To find out the suitability of this workflow for RRBS, let us revisit the basic concepts. RRBS is inteded to enrich the CpG rich regions by digesting the DNA with MspI restriction enzyme. This will result in DNA fragments ranging from as low as 40 bp to multiple kilobases in length with identical termini. However, we choose fragments in the size range of 40-480 bp that seem to be a better representation of the CpG rich regions and promoters. In the traditional RRBS protocol, we perform bisulfite conversion post adapter ligation. So, we amplify the fragments we 'choose' (with some loss during the bisulfite conversion due to random fragmentation of DNA).

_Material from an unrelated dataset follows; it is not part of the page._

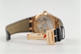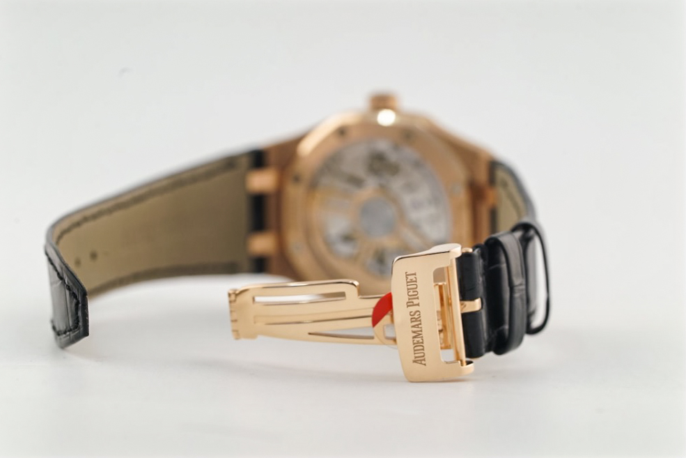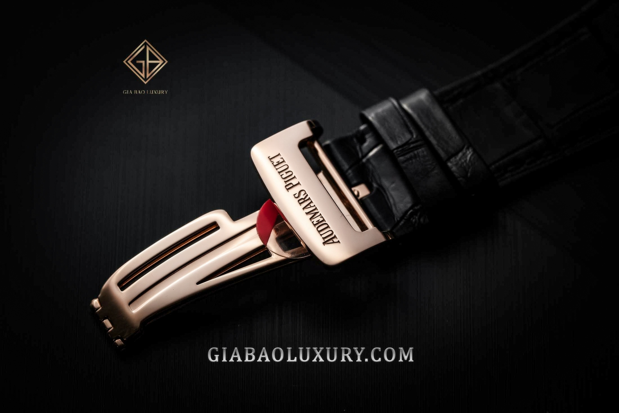 So với những người anh em có cùng mã hiệu, chiếc đồng này sở hữu dây đeo da cá sấu vô cùng thoải mái và cũng là điểm nhấn khác biệt, tạo phong cách cá nhân đẳng cấp cho người đeo. Chất liệu da cá sấu cổ điển ôm sát cổ tay người đeo được cố định bởi khóa gập, bên trong có khắc hai chữ AP bằng vàng hồng là tên viết tắt của thương hiệu.
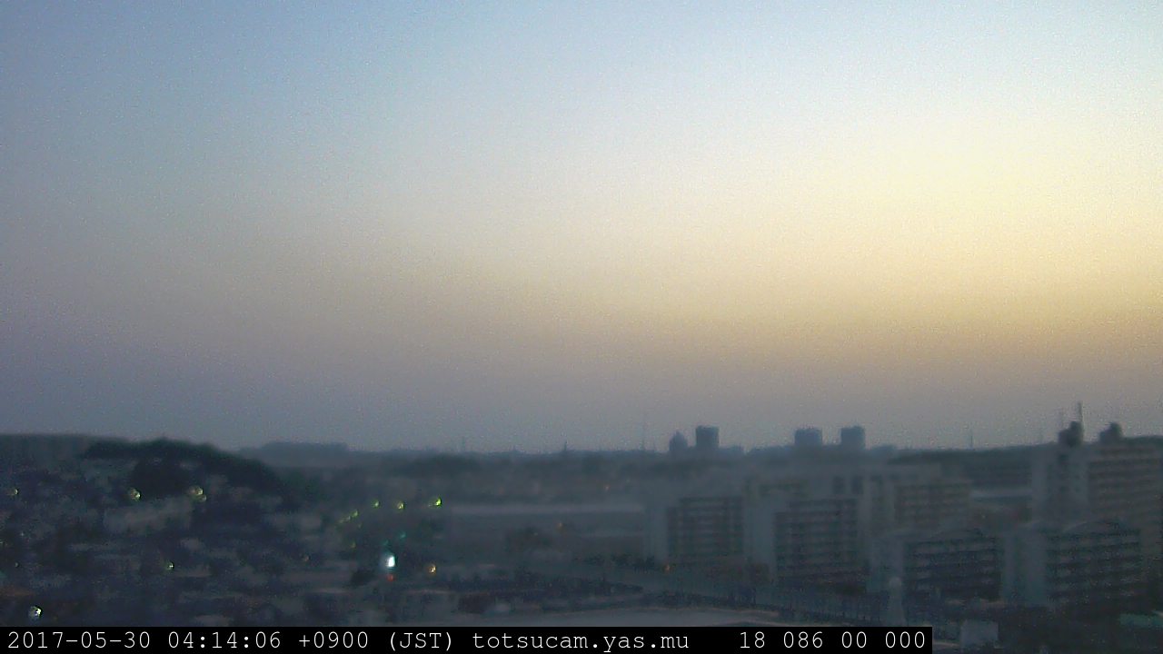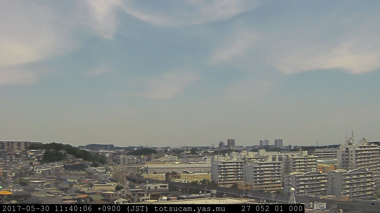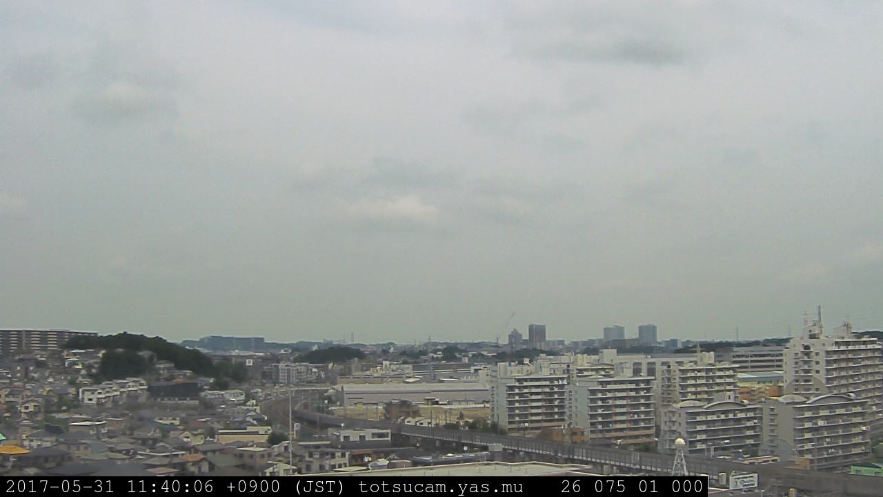 横浜市戸塚駅周辺から 東戸塚方面(北北東)を望む展望カメラの映像です。 左は現在の映像です。 下に並んでいるのは、 7日間に亘る日の出どき、昼間、夕暮れどきの写真(サムネイル)です。 それぞれ、日の出15分前、南中時、日没20分後の写真となっています。 各写真の下にはmpeg形式の動画へのリンクがあります。 それぞれ、日の出、南中、日没の前後1時間の画像です。 右欄にはその日24時間の動画へのリンクがあります。 この7日間以外は日付が一覧表示されています。 日付部分をクリックすると、 その日付から7日分が展開されて表示されます。

Let us see what happens if we subject the MspI digested DNA to bisulfite reaction prior to library preparation.

  • DNA is further fragmented into smaller fragments.
  • This fragmentation will skew the composition of the MspI digested fragments and the desired size range of 40-480bp does not just represent CpG rich regions. This size range now contains any region of the genome.
  • Termini will not be MspI recognition motifs but random nucleotides due to chemical induced fragmentation.
  • Because of the random fragmentation, even sequencing data from replicates is likely to represent CpGs from different genomic loci reducing the overlap among replicates.
  • The QC of the RRBS reads is assessed by the 5' termini (CGG/TGG). Now, because of random fragmentation, terminal nucleotides are altered!
  • Even when random fragmentation doesn't happen, another issue exists during ssDNA to dsDNA conversion. Usage of random oligos is good for randomly fragmented termini. For MspI digested termini, the major chunk are identical termini which means, random oligos may not convert the DNA at the same efficiency!
Since there are multiple issues involved, I conclude (well I have not done any experiment yet) that post-bisulfite library preparation kits are not suitable for RRBS. In my view any company that claims the suitability of this kit should do the RRBS experiments with replicates before documenting and selling these kits. I am eager to know if this has worked for RRBS. I would be willing to retract this post then!